The act introduced wide-ranging changes to electoral franchise legislation in the United Kingdom. Before the act, certain English boroughs were entitled to send MPs to parliament, while the remaining parts of each county voted as a whole.

Although certain individual boroughs had been added or removed over the years, the reform act's most important consequence was the first wholesale review and revision of the list of enfranchised boroughs. Many new-grown towns gained the right to elect their own MPs and many rotten boroughs lost it.

== Death and honour ==
Charles Larkin died, aged 58, at his home on Boley Hill, Rochester, on 12 September 1833. He had been a Liberal and contemporary reports describe him as “one of the most prominent political characters in this country”.

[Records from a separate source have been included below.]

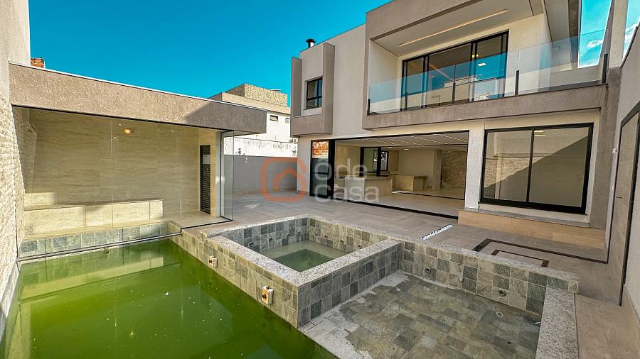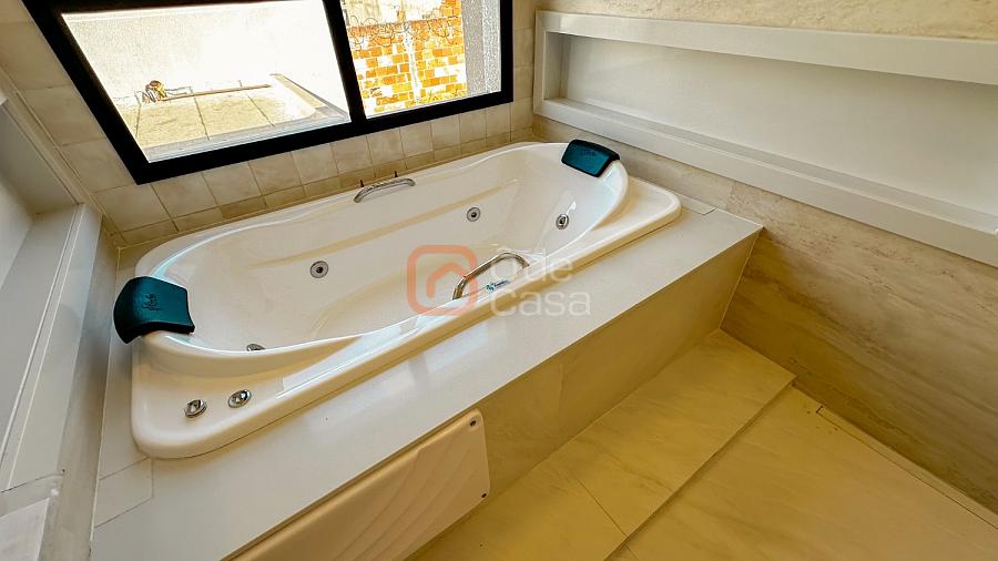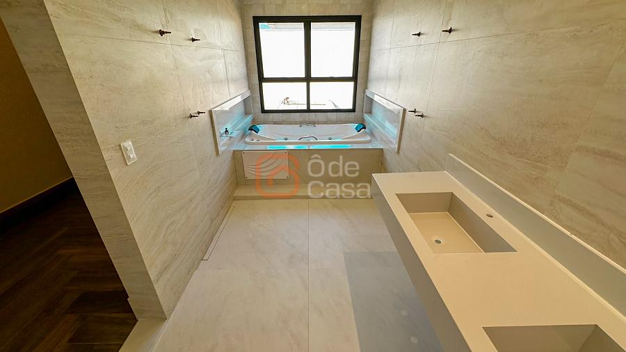 Ao fundo, uma ampla suíte do casal com varanda em L, closet, banheiro com dupla cuba, dupla ducha e hidromassagem com vista para a área de piscina.
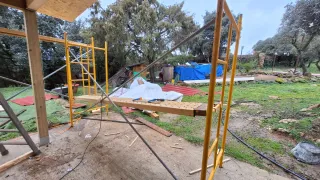 Andamio de obra metálico, ideal para trabajos de construcción o reformas. Su estructura es robusta y resistente. Las escaleras que aparecen en la foto no estan incluidas - Material: Metal. - Color: Amarillo y óxido. - Diseño: Perforado.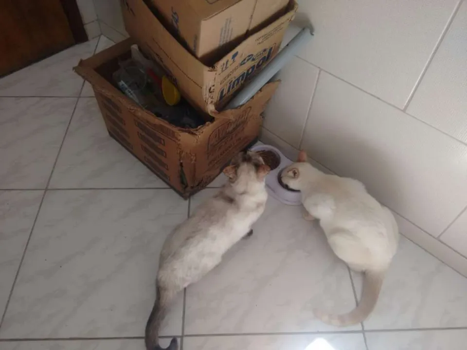 As gatas são duas, uma ( branca com amarelo na patas e calda é castrada, e se chama Madona) a outra é (branca com mechas pretas no rosto e corpo, essa não é castrada, e se chama Ritinha) ambas são mansas e caseiras e vacinadas, comem ração e comida também, faz as necessidades na caixa de areia, adoram dormir dentro de caixas de papelão, adoram brincar, motivo da doação mudança, o local não aceita animais e é muito pequeno.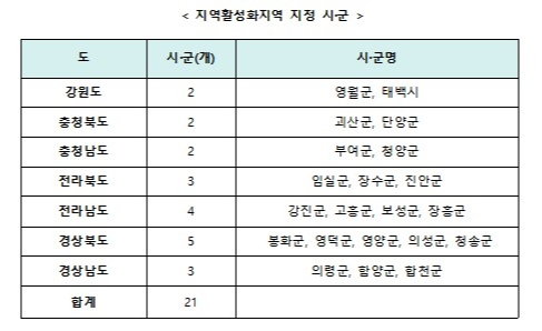 ◆ 7개 도 21개 시·군 ‘지역활성화지역’ 지정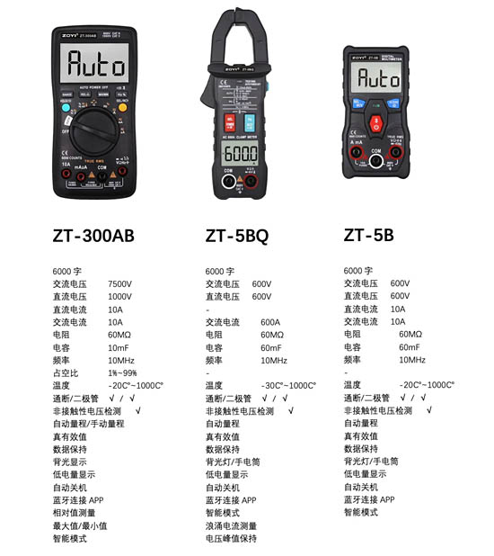 其中 ZT5B 和 ZT300AB 是藍(lán)牙萬(wàn)用表,ZT5BQ 是藍(lán)牙鉗形表。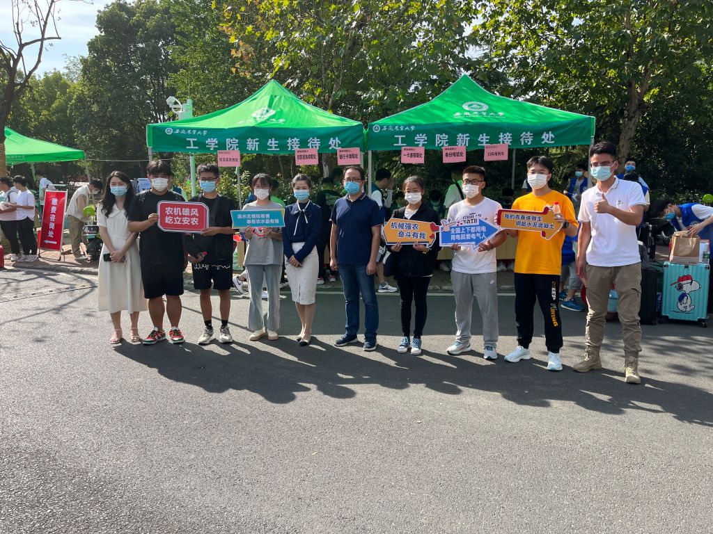 学院提前谋划,为2022级全体新生专门设计制作了印有学校校徽和“机械强农 奋斗有我”字样的蓝色T恤衫,学院领导在迎新现场向新生赠送了T恤衫,激发了新生爱校荣校意识和专业学习兴趣。同学们纷纷表示,愿以吾辈之青春,强农业之根本,谱振兴之华章。

His coffin was interred in the family vault at nearby Gillingham on 20 September. The hearse was drawn by six horses, after which came three mourning coaches, each drawn by four horses. These were followed by 160 gentlemen, two abreast and dressed in deep mourning; and then by several carriages. Most of the shops in the town were closed for the funeral.

A subscription for a monument in his honour was opened in October, within a month had raised £150 from 64 subscribers.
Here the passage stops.